> _Your instructions_:
Omitting all pictures, copy word for word the lines from the line containing "Рюкзак мужской на" through the final line of the entries.

> _Source records_:
[Start of Attachment]

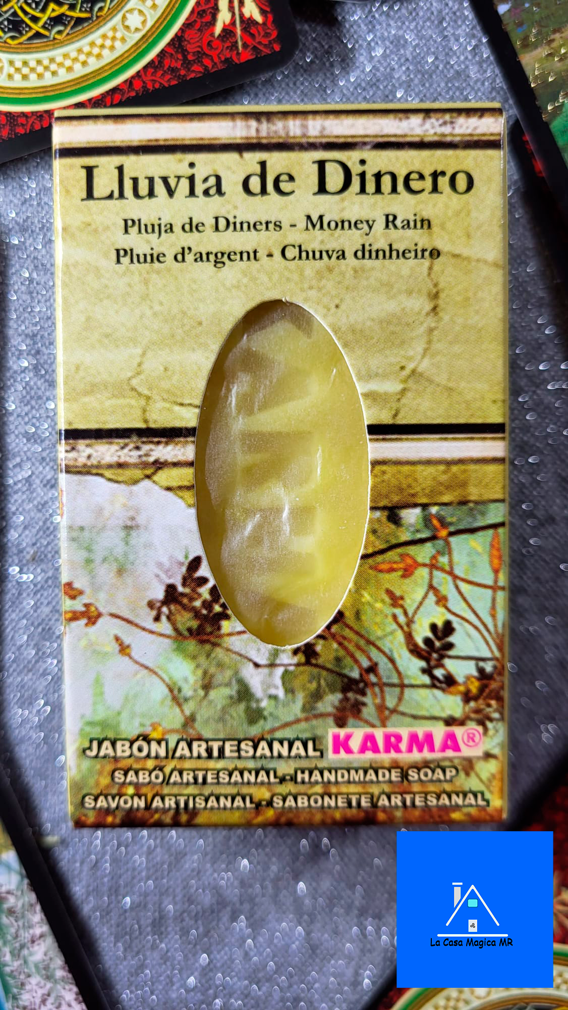 Jabón Lluvia de Dinero. Para conseguir que fluya positivamente la economía. Jabón fabricado mediante proceso artesanal y elaborado con ingredientes vegetales de primera calidad, suave y natural, y respetuoso con el medio ambiente. Este jabón utiliza antiguas fórmulas de santería, a base de hierbas y aceites esenciales. Así es como la verdadera magia es llevada al cuarto de baño, promoviendo el bienestar y produciendo un estado mental positivo que nos ayudará a atraer la prosperidad, el amor y la abundancia.
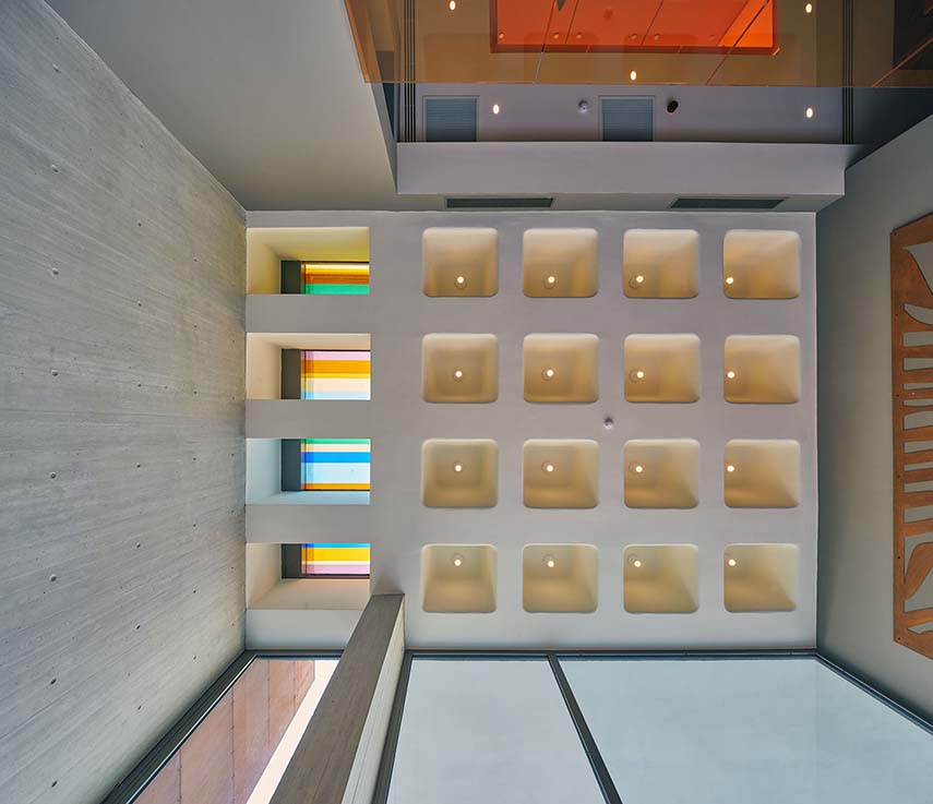 En contraste avec la texture chaude et rugueuse de la partie inférieure, la partie supérieure maintient un sens de pureté et de légèreté avec l'utilisation de textures lisses et de tons blancs. Le luxueux marbre pour les sols et les revêtements muraux, la peinture, les meubles, les sanitaires et les éléments d'éclairage sont tous choisis pour refléter cette vision. Le film de couleur orange qui a été placé sur les garde-corps transparents des galeries attire le regard vers le haut, mettant en valeur la profondeur et la relation visuelle verticale entre les étages et les deux parties composant chaque villa.
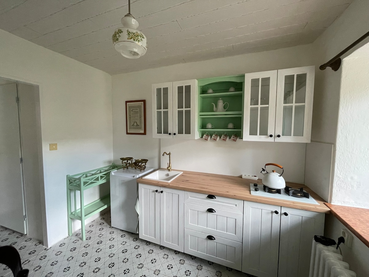 The apartment offers a pleasant stay for those who welcome peace and quiet. It is in a beautiful and peaceful nature a short distance from the forest, surrounded by meadows. The accommodation will welcome nature lovers, mushroom pickers, dog lovers, families with children, cyclists, skiers and romantics. The apartment is furnished as a separate unit, tastefully and with elements of history. It is rented all year round. The apartment includes a garden where you can spend a pleasant evening by the fire, roast sausages, listen to birds singing, or have a morning coffee and a good breakfast under the pergola.
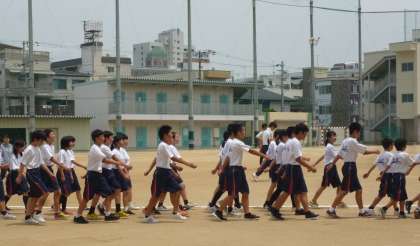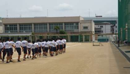 はじめての体育大会です。元気いっぱい声を掛け合って、行進の練習をしていました。
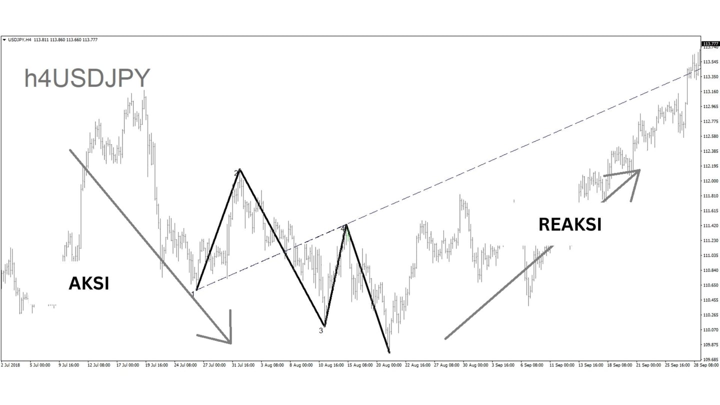 Sekali lagi, pola ini adalah pola yang berlawanan dengan tren. Sehingga pola grafik pada gambar tersebut akan muncul setelah terjadi dorongan atau koreksi. Dorongan ini sebagai tanda akhir dan awal dari reaksi harga yang berlawanan (sesuai dengan hukum "aksi-reaksi").
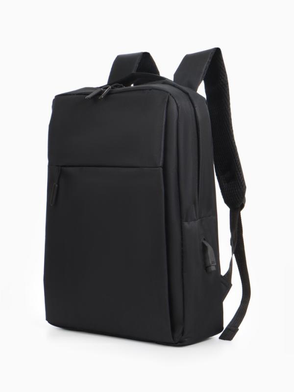 Рюкзак мужской на молнии, 2 наружных кармана, с USB, цвет чёрный
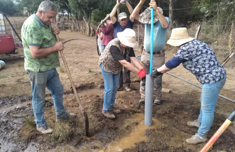 Mariela Sanhueza, oriunda del sector Casa Blanca, comuna de Quirihue, en Ñuble, explica que, en la primera jornada ella pudo capacitar a 7 vecinos del sector y que hoy, con la ayuda de una máquina pesada, “estamos construyendo un tranque que tendrá capacidad para 300 metros cúbicos de agua y va beneficiar a 14 personas del sector” manifiesta.
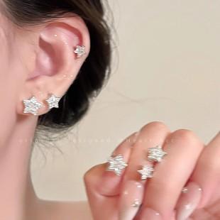 Aretes de estrella hueca de estilo indiferente con circonita cúbica para mujer, súper brillantes, temperamentales, nicho ins de alta gama, aretes de botón, aretes dulces, geniales y de chica hot
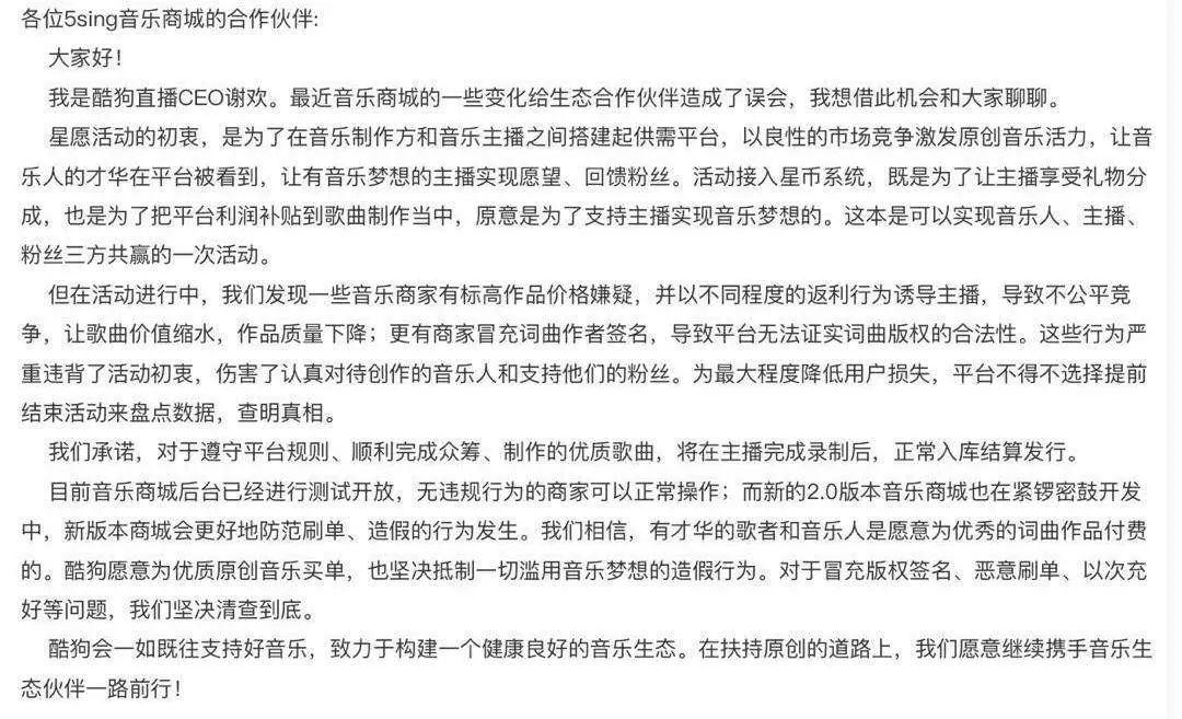 酷狗直播CEO谢欢的一封公开信透露了不少问题——音乐商家标高作品价格、用返利诱导主播参与,歌曲价值缩水,甚至,冒充词曲作者签名。
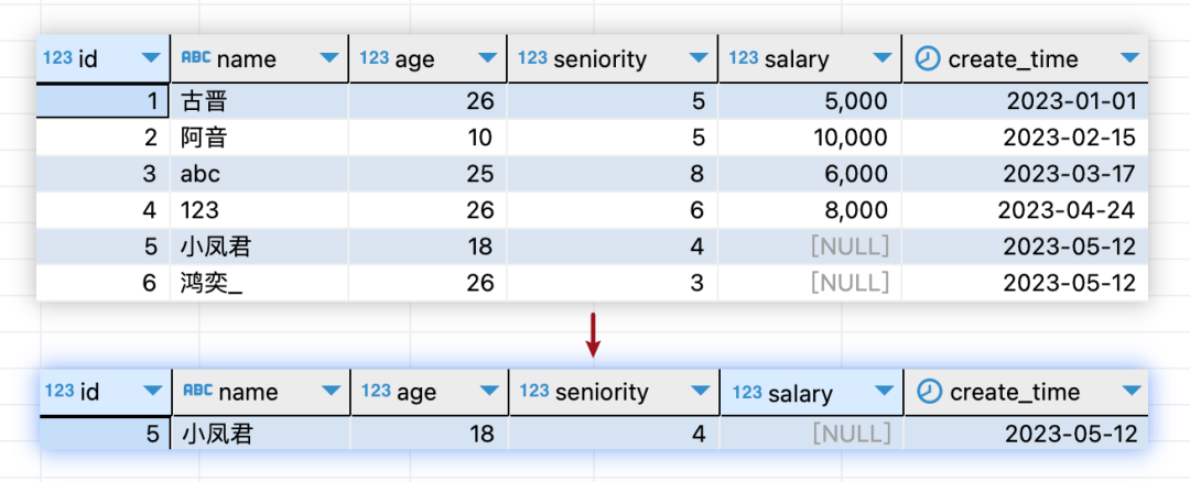可以看到,要查询名字中包含特定字(例如"凤")的员工,当我们使用 REGEXP 时,不需加任何匹配规则,只需用单引号或双引号来包围字符即可,相当于LIKE '%%',注意,REGEXP 中没有LIKE的%和_通配符。 查询结果如下:
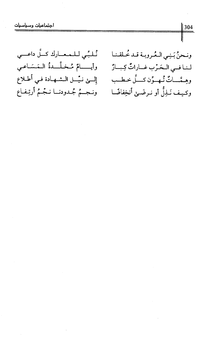 ونحن بني العروبة قد خلقنا …*… نلبي للمعارك كل داعي

[End of Attachment]

> _Finished task_:
 Рюкзак мужской на молнии, 2 наружных кармана, с USB, цвет чёрный
 Mariela Sanhueza, oriunda del sector Casa Blanca, comuna de Quirihue, en Ñuble, explica que, en la primera jornada ella pudo capacitar a 7 vecinos del sector y que hoy, con la ayuda de una máquina pesada, “estamos construyendo un tranque que tendrá capacidad para 300 metros cúbicos de agua y va beneficiar a 14 personas del sector” manifiesta.
 Aretes de estrella hueca de estilo indiferente con circonita cúbica para mujer, súper brillantes, temperamentales, nicho ins de alta gama, aretes de botón, aretes dulces, geniales y de chica hot
 酷狗直播CEO谢欢的一封公开信透露了不少问题——音乐商家标高作品价格、用返利诱导主播参与,歌曲价值缩水,甚至,冒充词曲作者签名。
可以看到,要查询名字中包含特定字(例如"凤")的员工,当我们使用 REGEXP 时,不需加任何匹配规则,只需用单引号或双引号来包围字符即可,相当于LIKE '%%',注意,REGEXP 中没有LIKE的%和_通配符。 查询结果如下:
 ونحن بني العروبة قد خلقنا …*… نلبي للمعارك كل داعي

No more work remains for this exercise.